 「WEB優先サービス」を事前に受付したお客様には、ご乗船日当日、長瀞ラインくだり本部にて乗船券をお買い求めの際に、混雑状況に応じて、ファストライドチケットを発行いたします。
::::
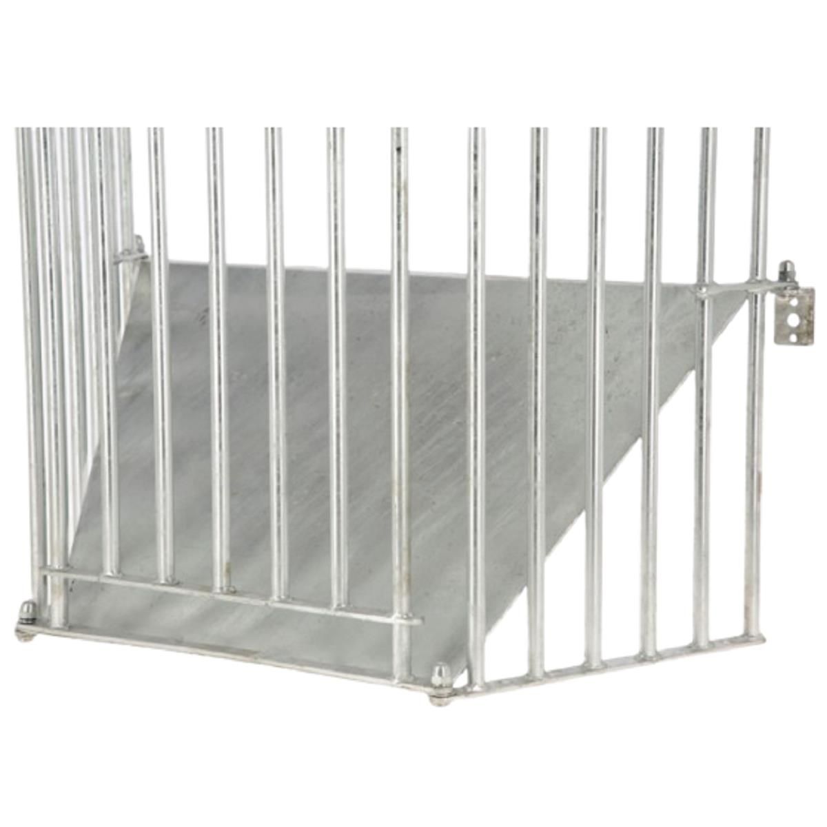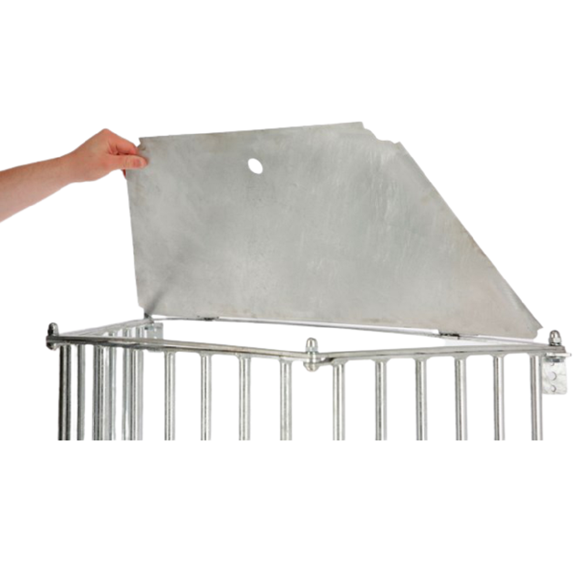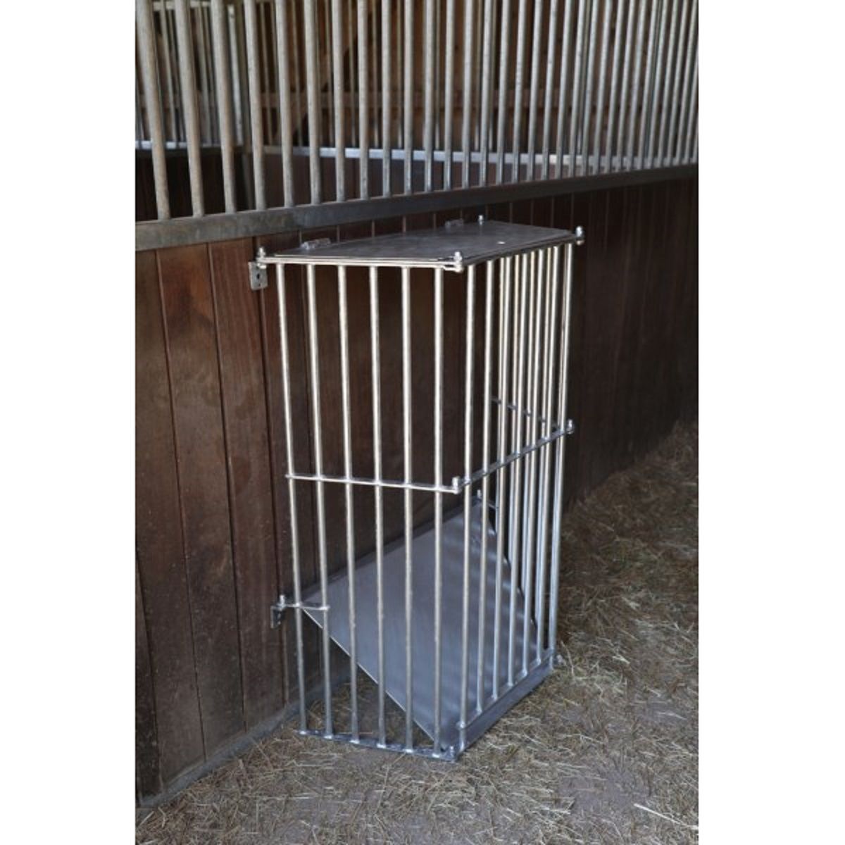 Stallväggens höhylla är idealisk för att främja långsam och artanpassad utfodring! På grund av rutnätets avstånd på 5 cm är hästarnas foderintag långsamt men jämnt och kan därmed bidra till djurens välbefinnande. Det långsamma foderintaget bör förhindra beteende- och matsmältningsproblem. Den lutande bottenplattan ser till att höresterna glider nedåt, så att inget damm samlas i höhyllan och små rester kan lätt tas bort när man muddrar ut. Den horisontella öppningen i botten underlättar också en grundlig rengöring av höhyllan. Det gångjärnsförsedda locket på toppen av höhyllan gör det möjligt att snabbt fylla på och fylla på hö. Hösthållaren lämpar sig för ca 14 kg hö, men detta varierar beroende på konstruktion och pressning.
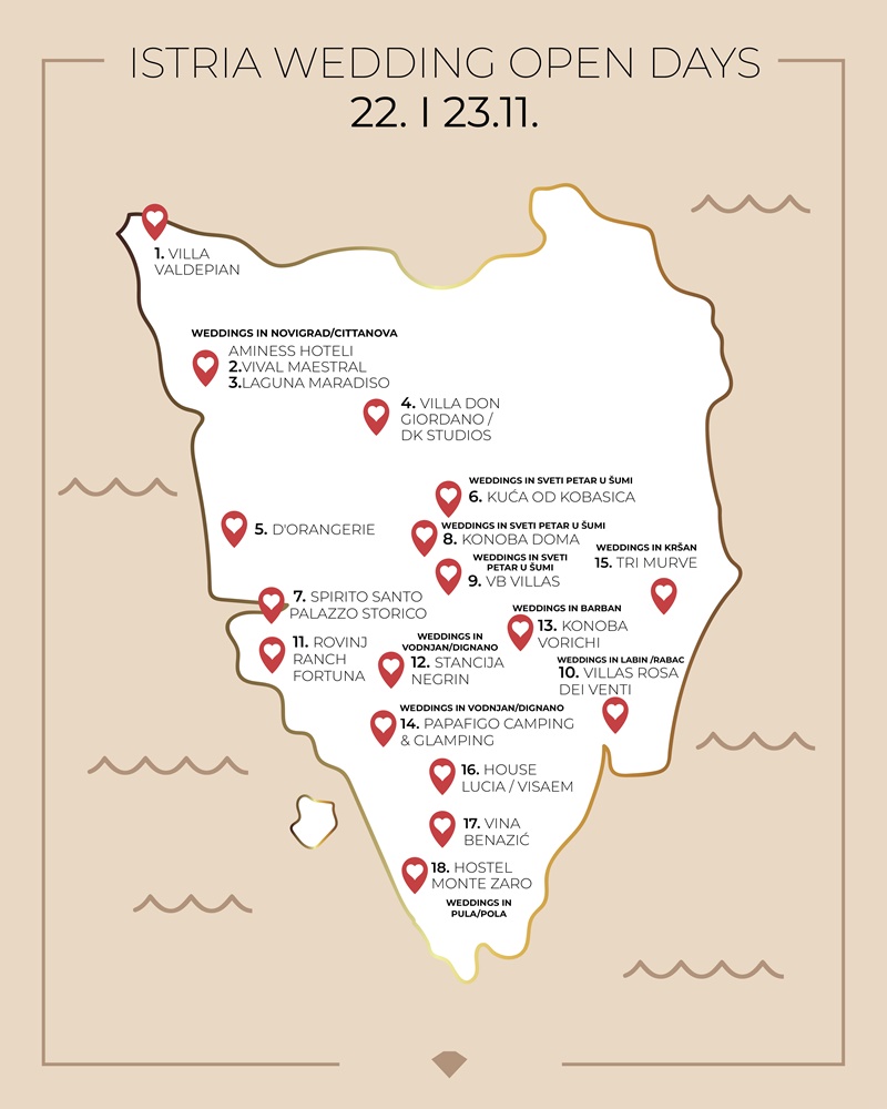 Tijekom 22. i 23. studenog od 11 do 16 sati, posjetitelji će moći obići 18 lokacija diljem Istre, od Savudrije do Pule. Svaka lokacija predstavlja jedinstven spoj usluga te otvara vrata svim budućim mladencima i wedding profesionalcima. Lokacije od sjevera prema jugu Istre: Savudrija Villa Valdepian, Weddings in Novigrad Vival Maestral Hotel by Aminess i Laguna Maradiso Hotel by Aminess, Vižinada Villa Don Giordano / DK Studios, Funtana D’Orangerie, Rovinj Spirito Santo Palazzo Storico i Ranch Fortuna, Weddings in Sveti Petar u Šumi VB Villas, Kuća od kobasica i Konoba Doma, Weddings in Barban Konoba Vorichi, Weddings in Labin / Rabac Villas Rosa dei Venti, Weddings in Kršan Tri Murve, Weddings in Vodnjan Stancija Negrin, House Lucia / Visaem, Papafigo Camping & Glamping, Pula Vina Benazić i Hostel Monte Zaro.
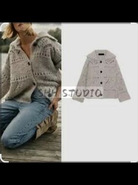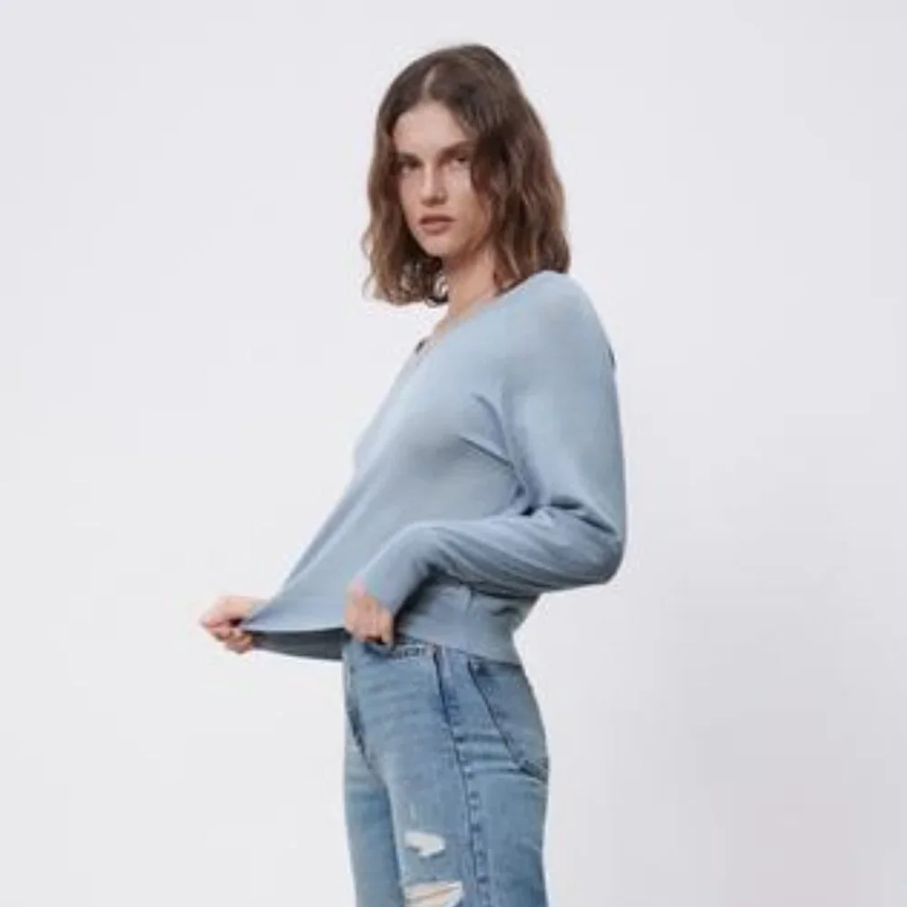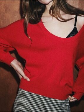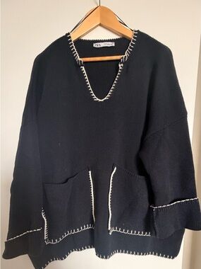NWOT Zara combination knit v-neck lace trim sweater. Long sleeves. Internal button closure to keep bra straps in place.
::::
▶ _REQUIRED ACTION_
Exact copy, pictures excluded: from the line with "Tijekom 22. i" up to and including the line with "NWOT Zara combination" in the data above.

▶ _COMPLETED EXERCISE_
 Tijekom 22. i 23. studenog od 11 do 16 sati, posjetitelji će moći obići 18 lokacija diljem Istre, od Savudrije do Pule. Svaka lokacija predstavlja jedinstven spoj usluga te otvara vrata svim budućim mladencima i wedding profesionalcima. Lokacije od sjevera prema jugu Istre: Savudrija Villa Valdepian, Weddings in Novigrad Vival Maestral Hotel by Aminess i Laguna Maradiso Hotel by Aminess, Vižinada Villa Don Giordano / DK Studios, Funtana D’Orangerie, Rovinj Spirito Santo Palazzo Storico i Ranch Fortuna, Weddings in Sveti Petar u Šumi VB Villas, Kuća od kobasica i Konoba Doma, Weddings in Barban Konoba Vorichi, Weddings in Labin / Rabac Villas Rosa dei Venti, Weddings in Kršan Tri Murve, Weddings in Vodnjan Stancija Negrin, House Lucia / Visaem, Papafigo Camping & Glamping, Pula Vina Benazić i Hostel Monte Zaro.
NWOT Zara combination knit v-neck lace trim sweater. Long sleeves. Internal button closure to keep bra straps in place.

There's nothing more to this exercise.